The findings, which appear in the May 2007 issue of the Journal of Alternative and Complementary Medicine, found that practicing yoga may elevate brain gamma-aminobutyric (GABA) levels. GABA is part of a family of neurotransmitters composed of amino acids. It is most abundant in the central nervous system, especially in the cerebral cortex which is largely responsible for high brain functions such as thought and interpreting sensations. Depression, anxiety disorders and epilepsy all are associated with low GABA levels.
The researchers compared the GABA levels of eight subjects prior to and after one hour of yoga, with 11 subjects who read for one hour. Results showed a 27 percent increase in GABA levels in the yoga group after their session, but no change in the comparison group following their reading session. The researchers were able to measure the GABA levels using magnetic resonance spectroscopic imaging.

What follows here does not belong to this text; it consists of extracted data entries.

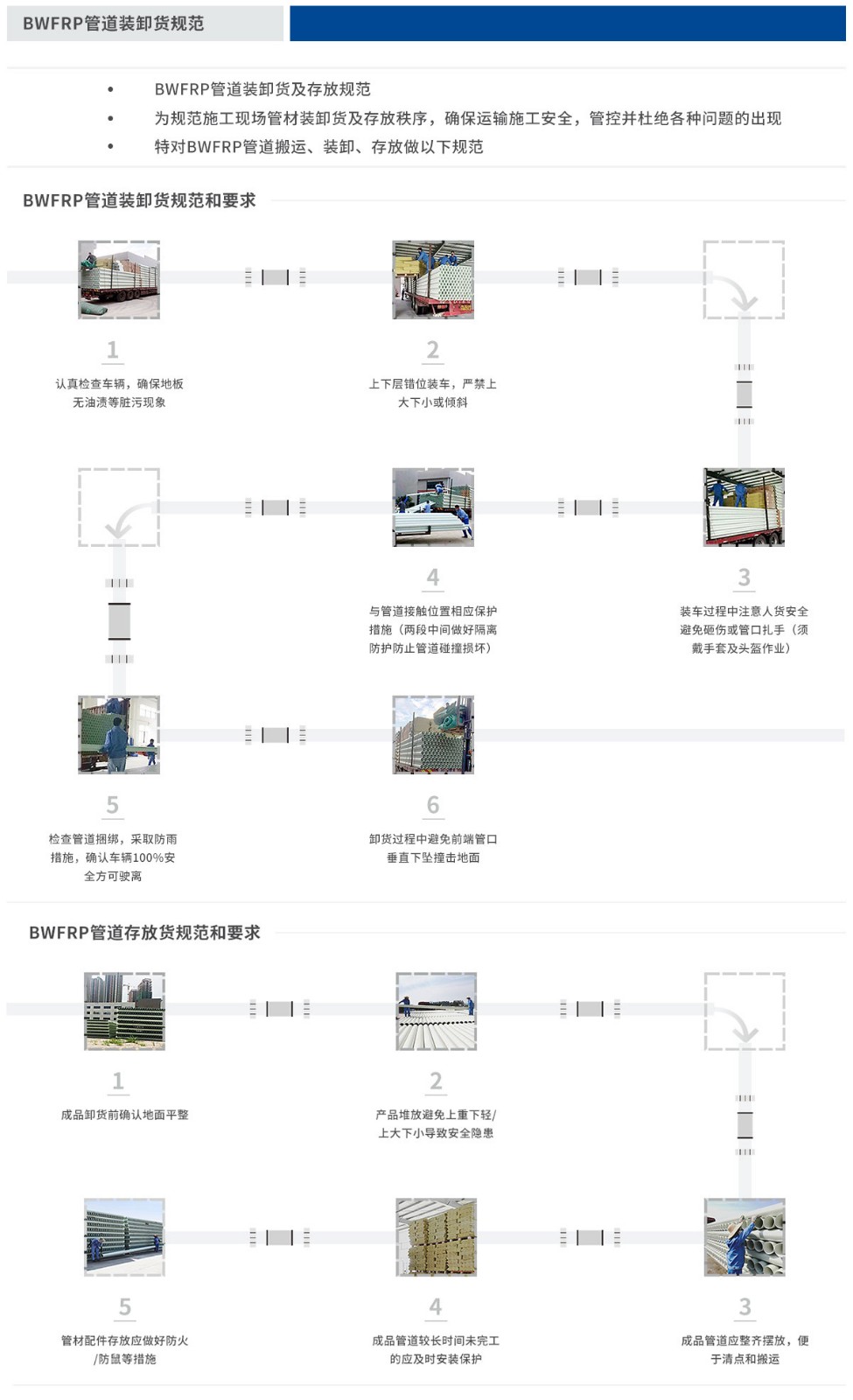 成品管道應(yīng)整齊擺放,便于清點(diǎn)和搬運(yùn)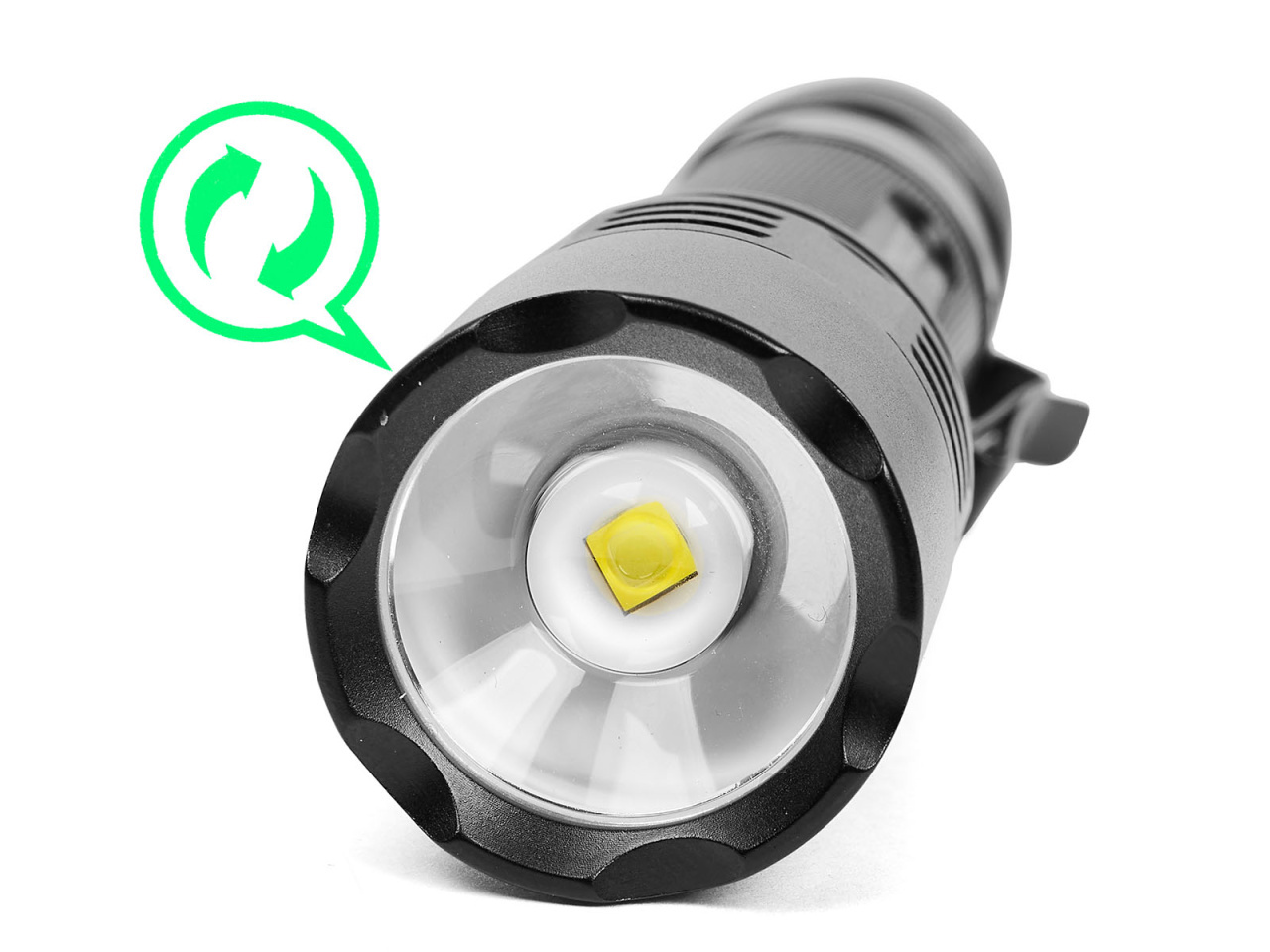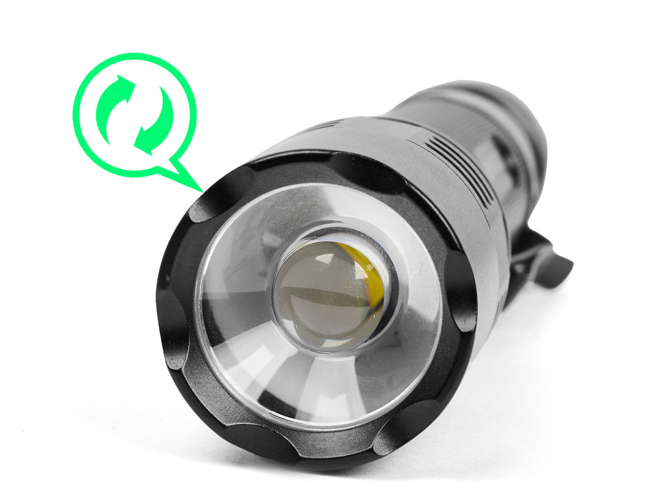 - Специальная каплевидная линза обеспечивает мягкий и ровный свет. Фонарь оснащен линзой с каплевидным расширением в центре и глянцевым алюминиевым рефлектором, что в сочетании с ослепительно белой подложкой диода дает ровный и приятный свет, даже при эксплуатации ЗУМ-фокусировки.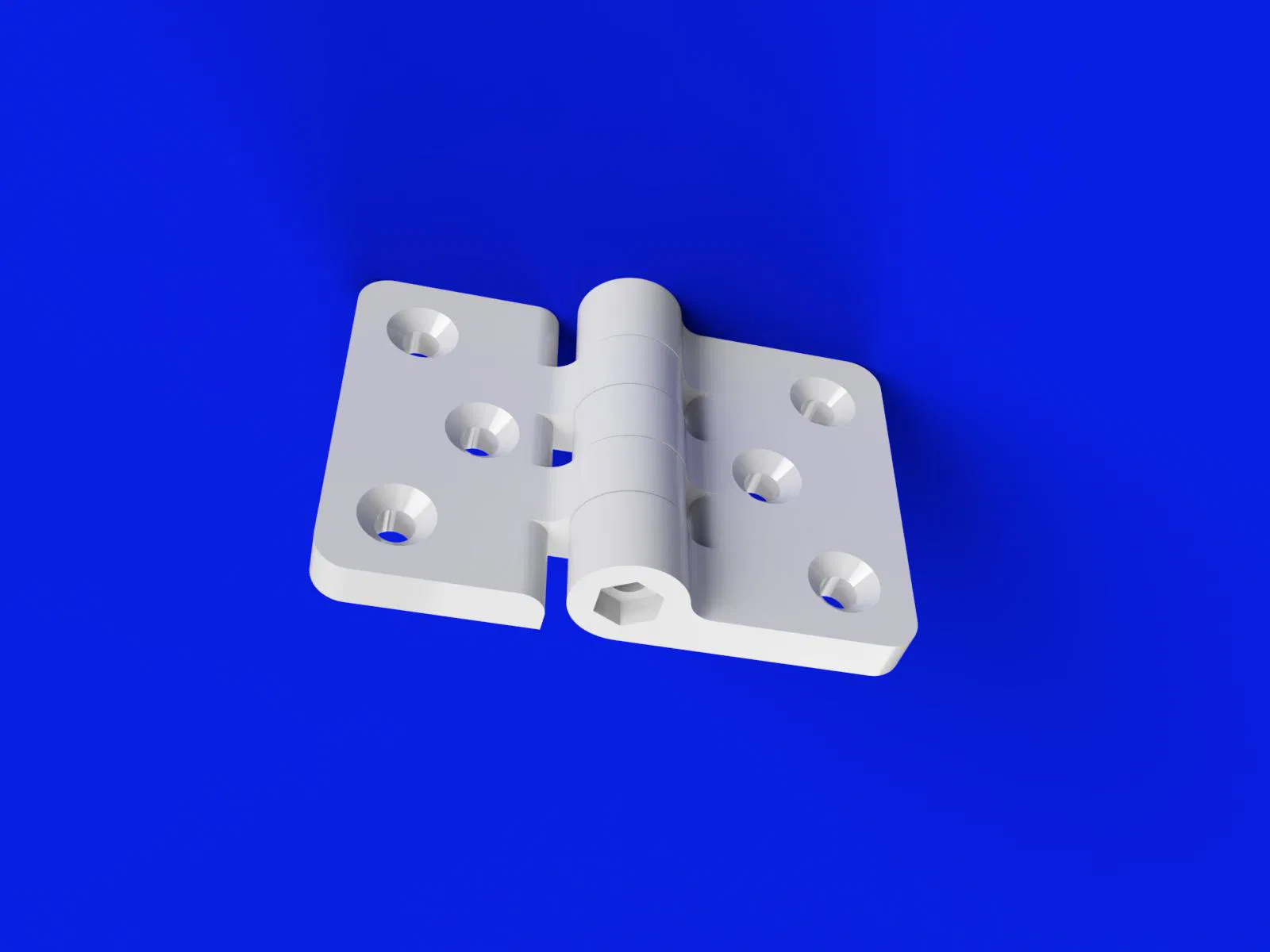 Bản lề chắc chắn với kích thước 80x55x16(7) Dài-Rộng-Cao, sử dụng ốc lục giác M5x50 và đai ốc làm trục. Chất liệu in khuyến nghị là PLA hoặc PETG với độ đặc 100% Infill để đảm bảo độ bền.

Researchers called the development of an inexpensive, widely available treatment with no side effects (such as yoga) that is effective in alleviating symptoms of disorders associated with low GABA levels a “clear public health advantage.”

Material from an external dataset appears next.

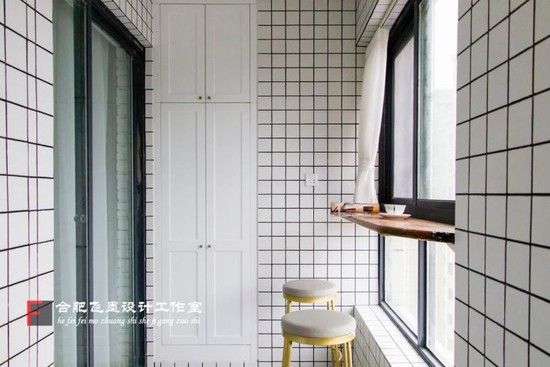 阳台太窄,无法实现多人享受下午茶?也许靠窗的隔板和几张吧台椅可以帮到你。利用阳台纵深,靠窗放置一块隔板,一个吧台式休闲区就诞生了。重点是,要选几把舒适的椅子,椅子和隔板之间的高度要符合你自身的身高舒适度。要是家里收纳空间太少,还可以因地制宜地打造一个白色收纳边柜,让家里的杂物告别无家可归。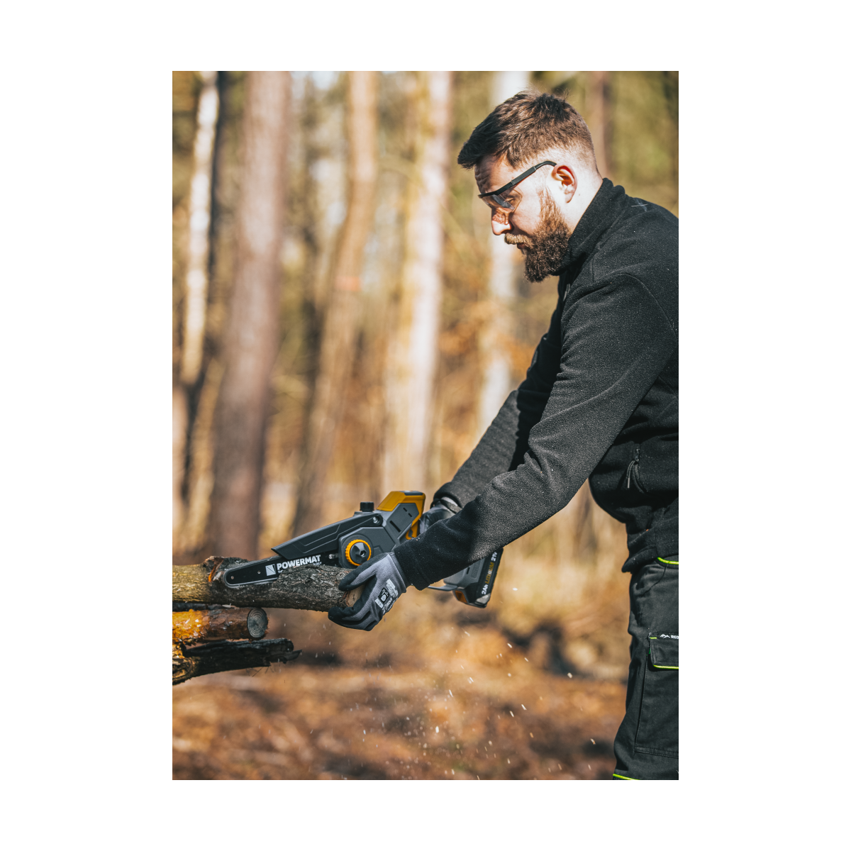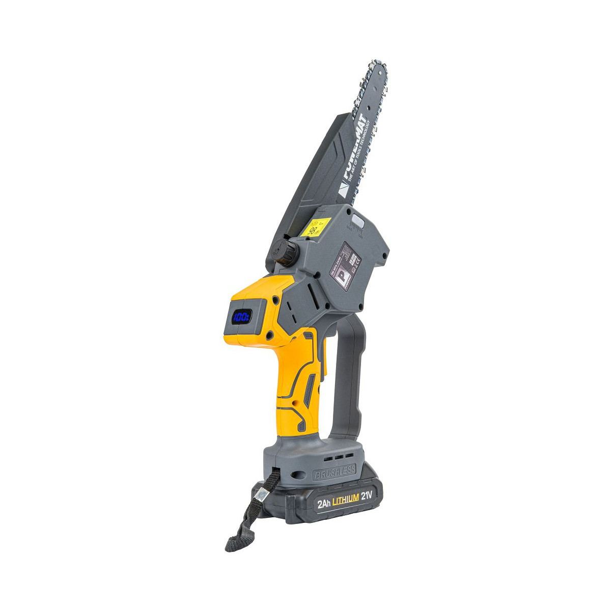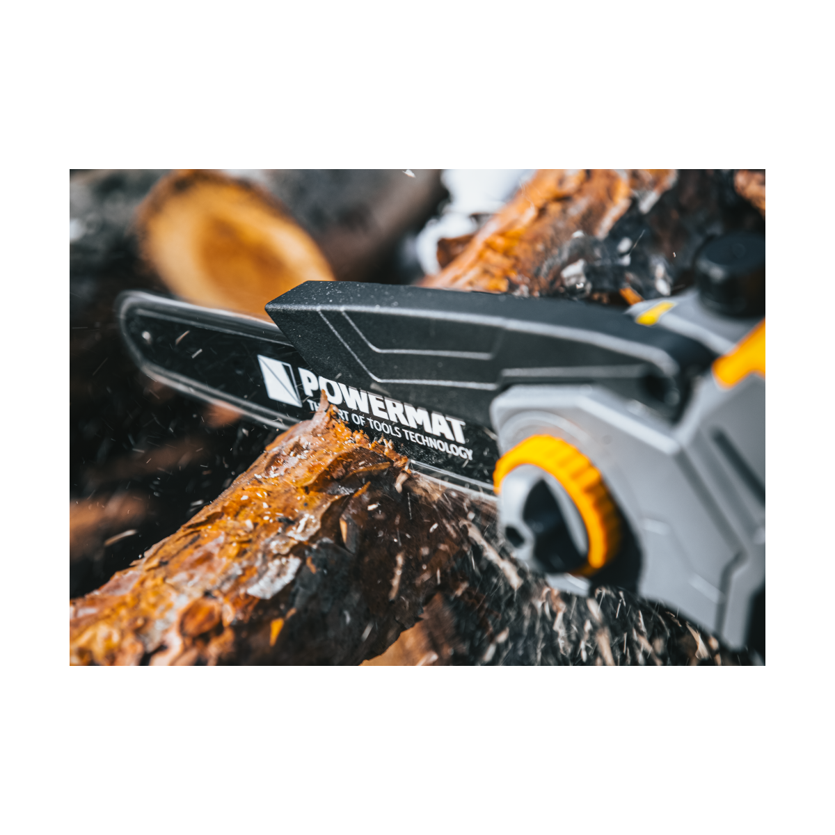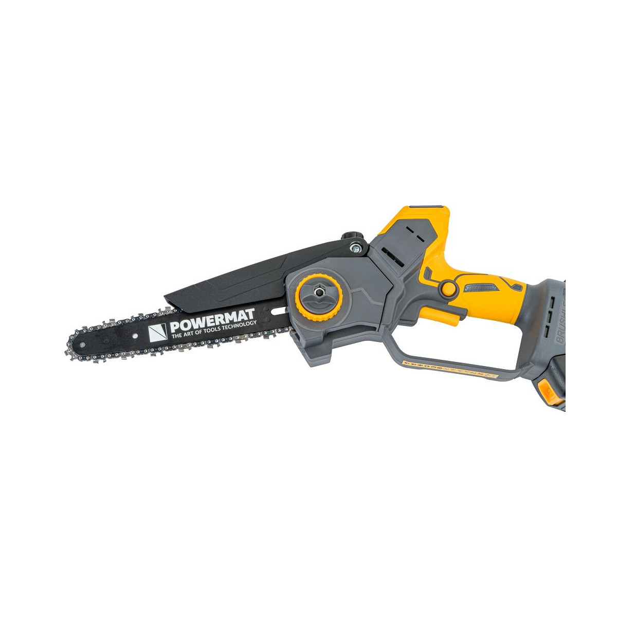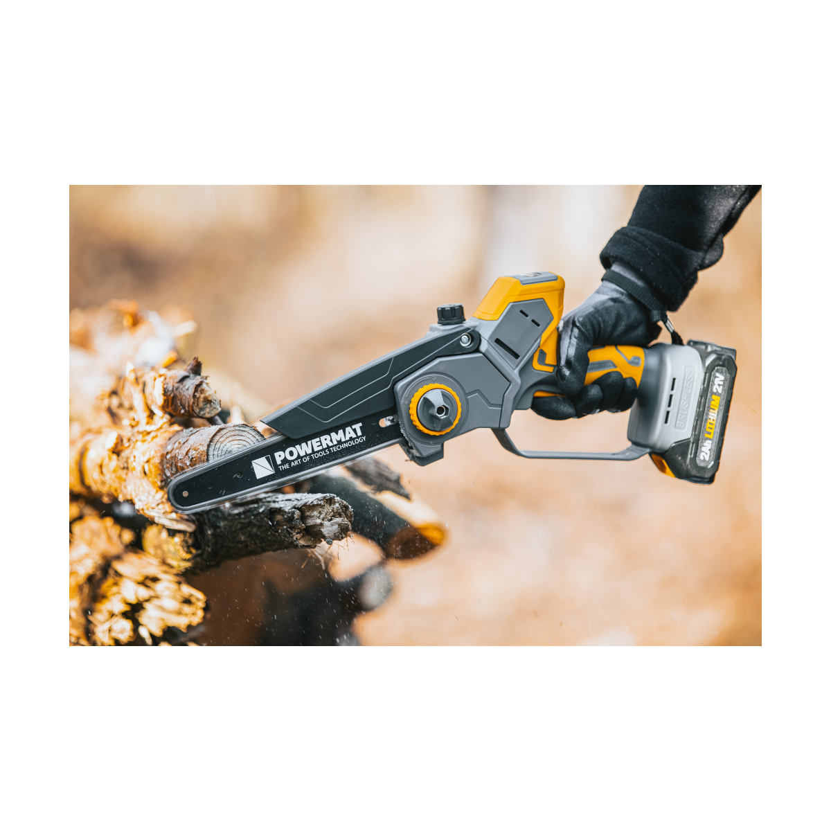 Ľahká akumulátorová píla Powermat PM-MPA-2AHM s 2× 21V batériou, bezuhlíkovým motorom a LCD ukazovateľom nabitia. Ideálna na záhradu a prípravu dreva.

Yoga, Walking Ease Menopause Symptoms
Moderate exercise such as yoga or walking may be able to make the transition through menopause a little easier, according to a study published in the April 2007 issue of the Annals of Behavioral Medicine.
The study, done at Penn State University, included 164 sedentary women who had been suffering hot flashes, night sweats and other menopausal symptoms. For four months one group practiced yoga for 90 minutes twice a week, one walked for one hour three times a week, and the third remained inactive. While no clear evidence was found that yoga or walking eased specific symptoms, the women in both groups reported and emotional lift and improved quality of life. “Interestingly,” the researchers said, “yoga participants also appeared to benefit in the sexual domain.”
The researchers suggest that more studies should be done to determine if yoga, walking or other forms of exercise can diminish specific symptoms.